Thursday, December 02, 2021

House passes judicial financial disclosure bill

By Mark S. Nelson, J.D.

The House passed the Courthouse Ethics and Transparency Act (H.R. 5720), which would require federal judges to make public disclosures of their potential financial interests in litigated cases. The specific requirements are similar to those that already apply to members of Congress and senior executive branch officials under the Stop Trading on Congressional Knowledge (STOCK) Act (Pub. L. No. 112-105). The bill passed the House by a vote of 422-4.

A key concern during a Congressional hearing on the legislation was the potential that the required disclosures to be made by federal judges could jeopardize the safety of judges, several of whom have in recent years experienced violent attacks on themselves and/or their families.
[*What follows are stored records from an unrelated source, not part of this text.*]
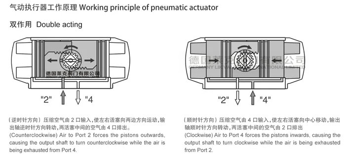 德國萊克雙作用氣動球閥球體是由旋塞閥轉變而來的,它的球心為旋轉90°的動作,球體繞閥體中心線作旋轉來達到開啟,有圓形通孔或通道通過其軸線。當球心旋轉到90°時閥門處于緊閉狀態,當執行器工作時,只需很小的轉動力矩就能將閥門關緊嚴密,從而可達到快速截斷切斷的原理。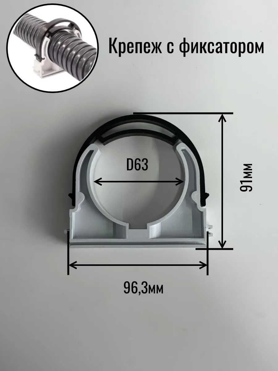 Крепеж клипса для трубы гофры с фиксатором d 63 мм, 4 шт.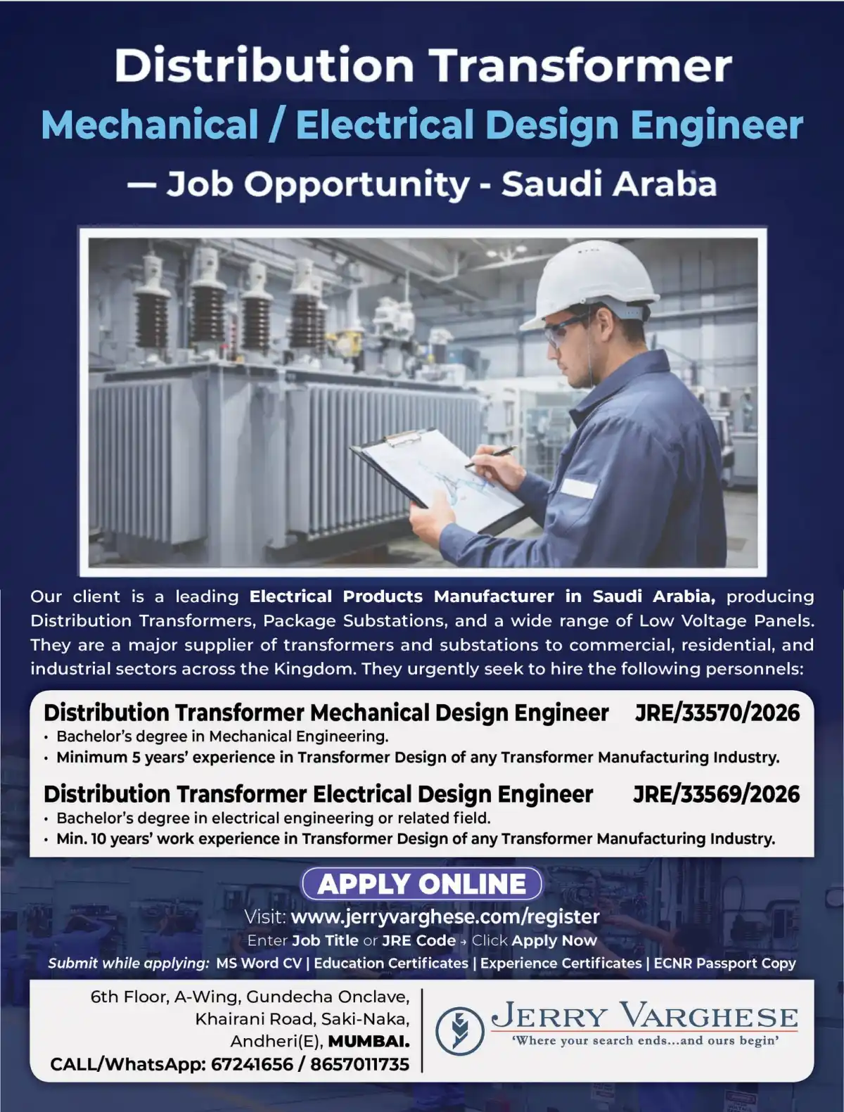 Leading electrical manufacturer in Saudi Arabia urgently hiring Distribution Transformer Mechanical & Electrical Design Engineers. 5-10 years transformer design experience required. Apply with JRE codes 33570 & 33569.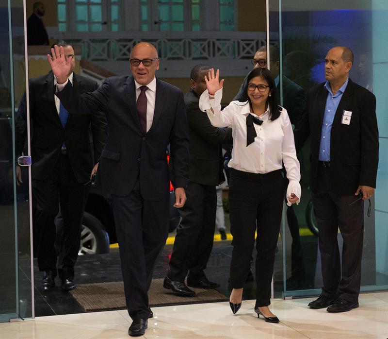 Por su parte, Delcy Rodríguez, exigió hoy "sindéresis y seriedad a los acompañantes del diálogo para que respeten códigos previamente acordados en el cumplimiento de su labor", y afirmó que Heraldo Muñoz "en las postrimerías de su cargo como canciller opta por la triste puerta trasera y sirve a bajos intereses estadounidenses".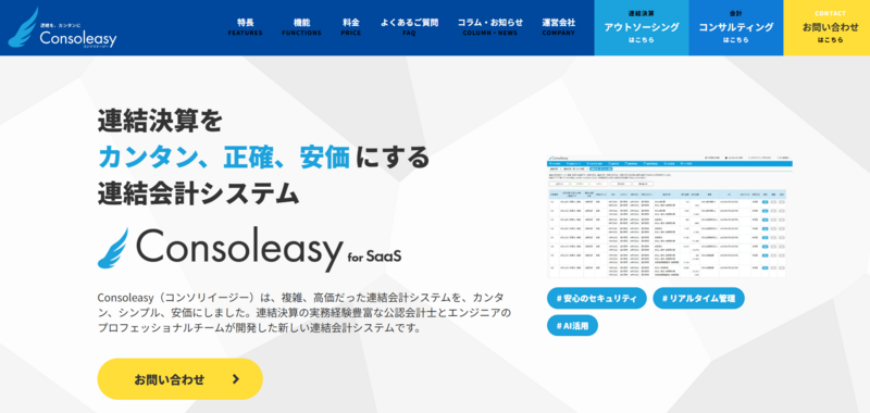 コンソリイージーは、エールアカウンティング株式会社が提供するクラウド型の連結会計システムです。内部取引消去や持分法適用といった連結固有の仕訳処理に対応し、連結決算業務の早期化と工数削減を支援します。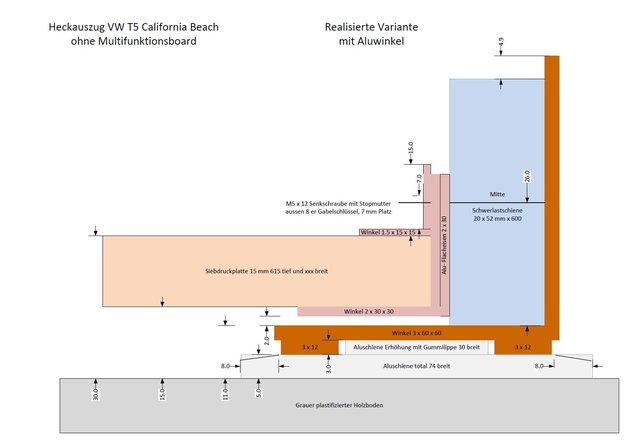 aare07 Geschrieben 14. September 2023 Teilen Geschrieben 14. September 2023 Wir haben sowohl Multiflexboard wie den Heckauszug mit einem Selbstausbau realisiert. Das Multiflexboard haben wir eh immer unpraktisch gefunden und wir wollten einen Heckauszug der wenig Höhe verschenkt. Der MFB Ersatz war aufwändig, der Heckauszug recht einfach zu realisieren. Bilder im Gebrauch hier: Konstruktion: Der Metallrahmen als MFB Ersatz im Eigenbau: - unten Winkel 60x60x3 mm in der gewünschten Länge - daran Vierkantrohr als horizontale Stützen geschweisst - oben mit Flachstahl verschweisst damit es Links unt Rechts einen Rahmen gibt - Vorne und hinten Quer ein Vierkantrohr, angeschraubt mit im Rohr eingeschweissten Muttern - Zwei Holzplatten drauf 6 mm (zwei -> komme notfalls von innen/oben zum Inhalt auf dem Heckauszug) Heckauszug: - an der Auszugs-Siebdruckplatte beidseitig je zwei Aluwinkel befestigt (geklebt und verschraubt) Hinten die Platte mit Aluwinkel verstärkt damit sie weniger durchbiegt und mit Überstand einen Rutschstopp geschaffen - Schwerlastauszüge hatte ich ohne Arretierung, entsprechend die Handmade-Holzarretierungen... Recht Aufwändig selber gemacht beim befreundeten Bauern mit Schweissgerät selbst geschweisst. Ziel war keinen Millimeter Platz (und vor allem Höhe für "Küchenkiste") zu verschwenden und aus 3 er Bank das Bett zu machen ohne das verschieben der Rückbank Auf die obere Holzplatte stelle ich Faltkanu (22Kg) , Wanderzelt, Wander-Campingausrüstung, zwei Kleidertaschen und die Kissen und Duvets darauf. Der Heckauszug trägt klaglos ganze Küche, zwei Campingaz R904 und die gesammten Essensvorräte Funktioniert nach 11 Jahren noch tadellos Viel Spass beim Konstruieren Gruss Aare You do not have the required permissions to view the image content in this post. Zitieren Link zu diesem Kommentar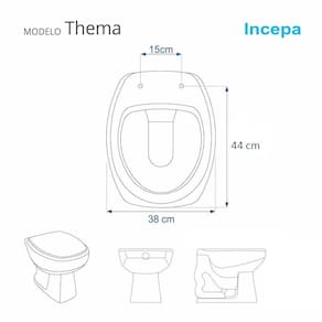 Compatível com o vaso sanitário Incepa modelo Thema com ou sem caixa acoplada.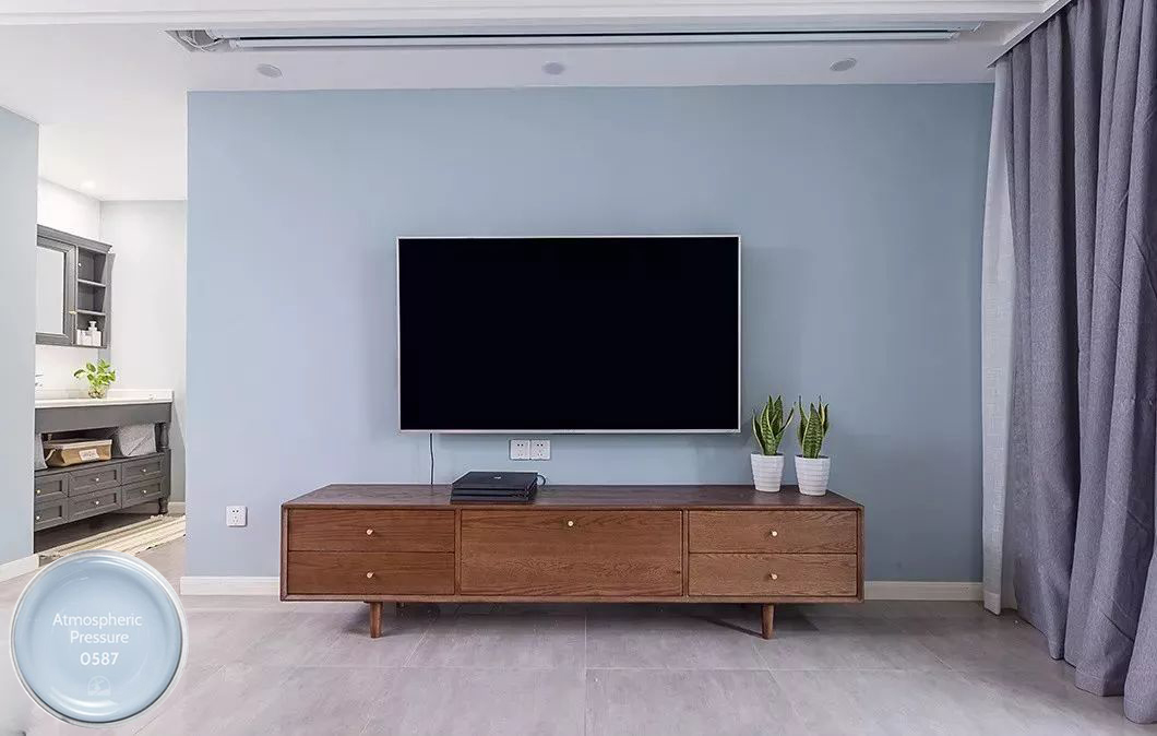 電視背景墻上沒有做任何裝飾,簡單的刷上藍(lán)色乳膠漆就好。客廳的側(cè)邊就是衛(wèi)生間的干區(qū),洗手臺(tái)剛好被嵌入進(jìn)了凹槽內(nèi)。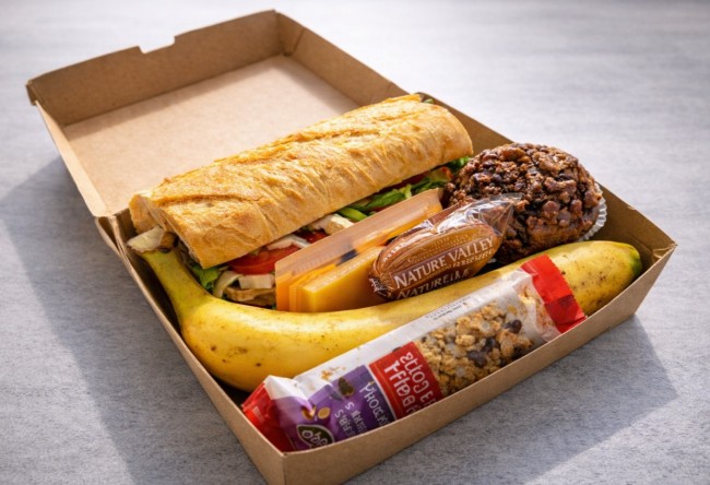 Packed lunch box (baguette, muffin, cheese/crackers, museili bar & fruit) - $30 per person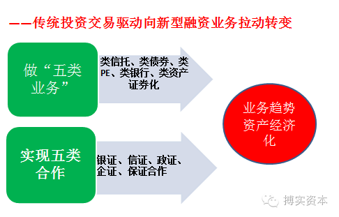 券商利用制度创新下的资管业务平台与通道,在国内利率逐渐市场化、多层次市场及信用体系逐步完善、金融分业监管和混业经营萌生的大背景下,开始发展以融资带动投资的大投资银行。由此国内券商向资本中介大举转型,大量类贷款、类信托业务被包装成新型商业模式,有效增强和补充了盈利能力,改善了盈利结构,金融市场的综合资源开始新一轮的流动和分配。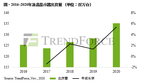 根据TrendForce集邦咨询旗下显示器研究处最新调查显示,受惠于疫情衍生的远距工作与教育、宅经济需求,加上北美地区消费力道持续强劲,推升以消费市场为主的液晶显示器品牌厂出货表现逆势上扬,连续三年呈现成长态势,预估2020年出货年成长幅度可望达5.4%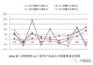 從進出口情況來看,塑機12個稅號產品2019年前三季度進口15350臺,同比下降6%,進口額14.48億美元,同比下降7%;出口1120168臺,同比增長41%,出口額19.37億美元,同比增長7%;貿易順差4.89億美元。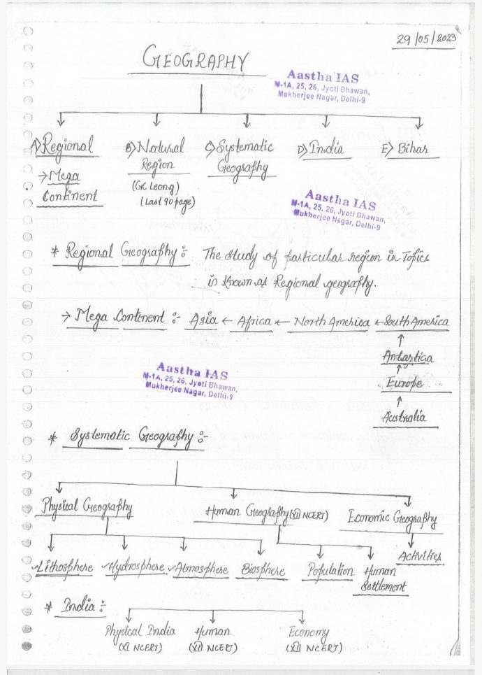Aastha IAS BPSC (Geography) Prelims Handwritten Notes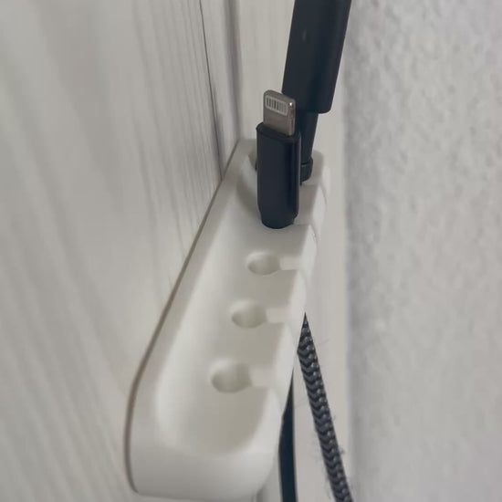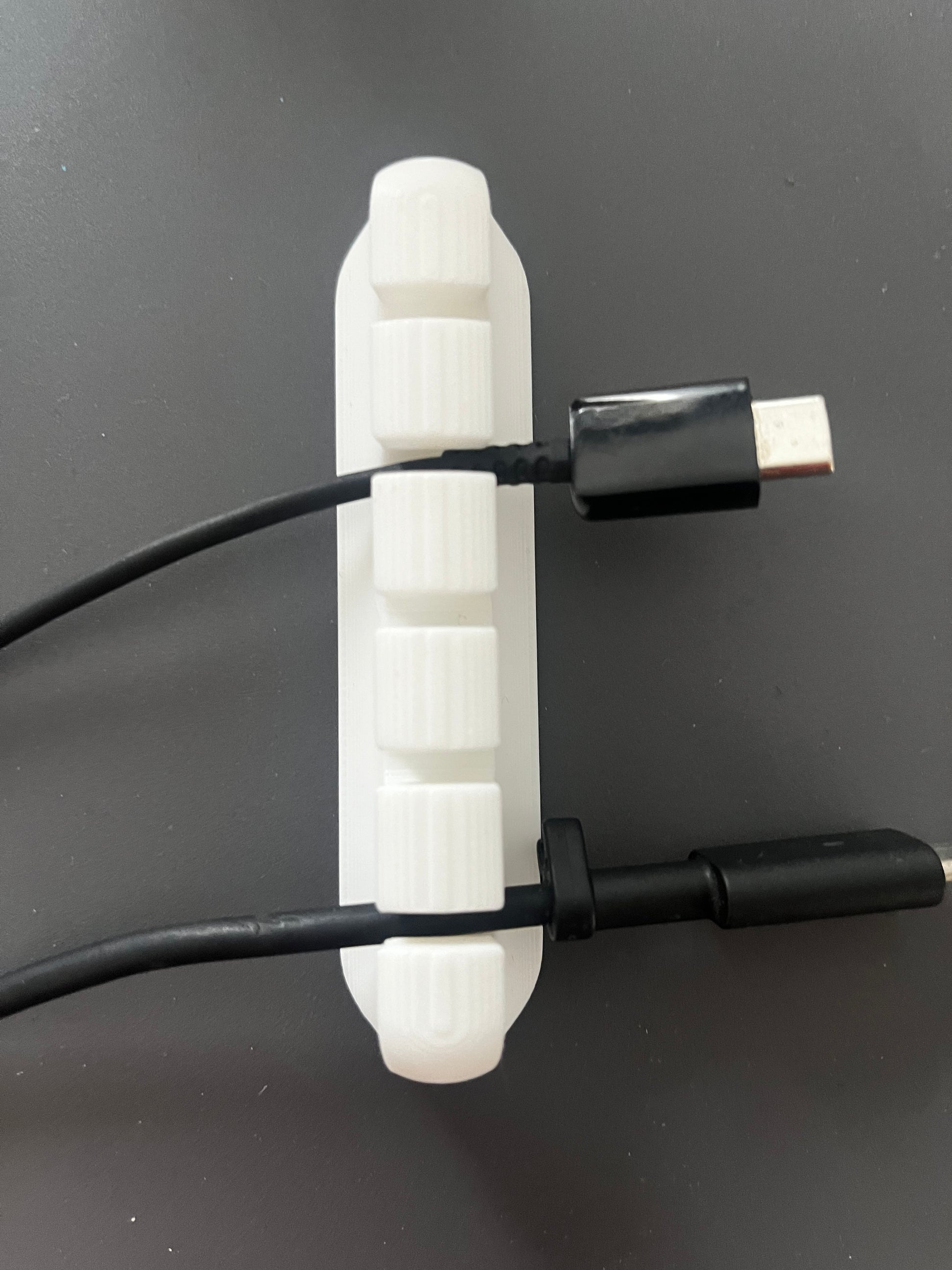 Der Halter wird präzise im 3D‑Druck gefertigt, hat sanft abgerundete Kanten und bietet fünf leichtgängige Schlitze für gängige Kabeldurchmesser.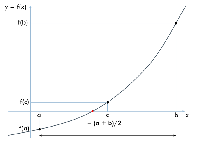 中点 \(c = (a + b)/2\) で関数値 \(f(c)\) を計算します.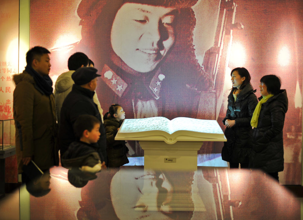 2012年2月18日,湖南长沙雷锋纪念馆母女讲解员谭荒芳(右一)和张璐琪(右二)在给参观者讲解。新华社记者 白禹 摄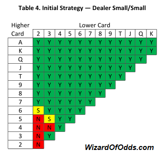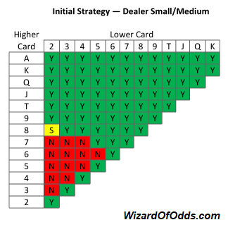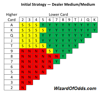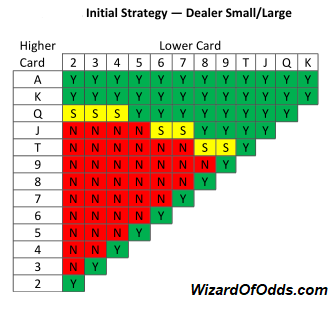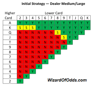 В следующих шести таблицах показана стратегия на первом этапе принятия решения, в соответствии со всеми шестью возможными комбинациями диапазонов двух закрытых карт дилера. Если стратегия предполагает крупное повышение ставки, оно всегда должно составлять 3-кратную ставку анте. Условные обозначения следуют за шестой таблицей. Щелкните любое изображение для увеличения.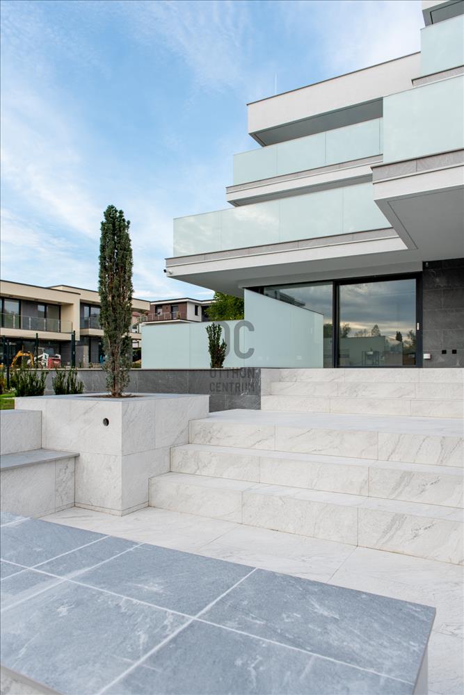 Épület külső homlokzatán, lépcsőházban és a teraszokon szintén nagyméretű Cesare Ceramica lapok vannak elhelyezve, a terasz burkolatba résfolyóka került elhelyezésre az üvegkorláton belül. Teraszok vízszigetelése Sika Fóliával, terv szerinti hőszigetelés vakum panellel és pir hőszigetelő táblákból lett kiépítve. Fűtöttek, áram és víz van, minden teraszra jakuzzi telepíthető, előkészítése megtörtént.
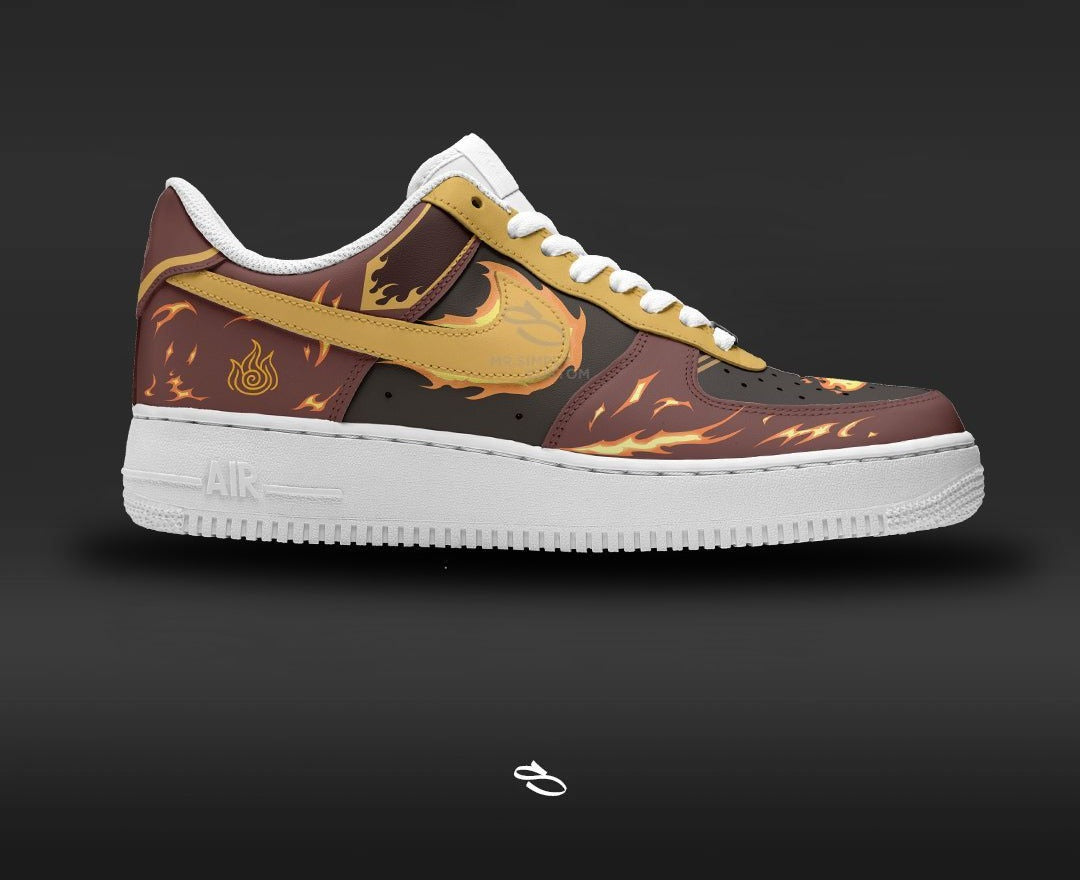 Introducing the Fire Nation Avatar The legend of Aang Air Force 1 - a unique and stylish custom design of the classic Nike Air Force 1. With intricate details inspired by the popular anime series, this shoe is sure to make a statement. Enjoy the comfort and functionality of Nike while proudly displaying Fire Nation Avatar The legend of Aang.

The bill would address this possibility by allowing the redaction of certain information that, if revealed publicly, could put judges at risk.

Both the House and Senate versions of the bill originally contained a congressional findings section that indirectly mentioned an article that appeared in The Wall Street Journal on the failure of some federal judges to recuse themselves in cases where they had financial interests. The findings section also noted that current law requires recusal when a federal judge has a financial interest in the subject matter of or a party to federal court proceedings. The findings also reiterated that the STOCK Act extended insider trading provisions of the federal securities laws to members of Congress and other federal officials. The version of the bill passed by the House, however, removed the Congressional findings section from the bill text.

House Judiciary Committee Chair Jerrold Nadler (D-NY) told members that the bipartisan bill would address an alarming lack of transparency about the financial holdings of federal judges. He also explained that the bill would apply the same rules to judges as already apply to Congress and the executive branch and that judges’ disclosure reports would be available publicly via a searchable online database.

Representative Deborah Ross (D-NC), the bill’s sponsor, said the disclosure requirements contained in the bill would fill a transparency void revealed by media reports finding that more than 130 federal judges broke the law by hearing cases where they had financial interests. She also noted that safeguards had been written into the bill to protect the safety of federal judges.

Representative Darrell Issa (R-Calif), Ranking Member of the House Judiciary Committee's Subcommittee on Courts, Intellectual Property, and the Internet, said the judicial ethics rules were important because of federal judges’ lifetime appointments and the money involved in some cases, but also because of the costs to public confidence. He also suggested that judges will need better databases with which to track their potential conflicts of interest arising from their financial holdings. Representative Issa summarized the bill’s goal when it cleared the full House Judiciary Committee: “With this legislation, we align accountability of the judicial branch with that of elected officials. It is a standard that is overdue.”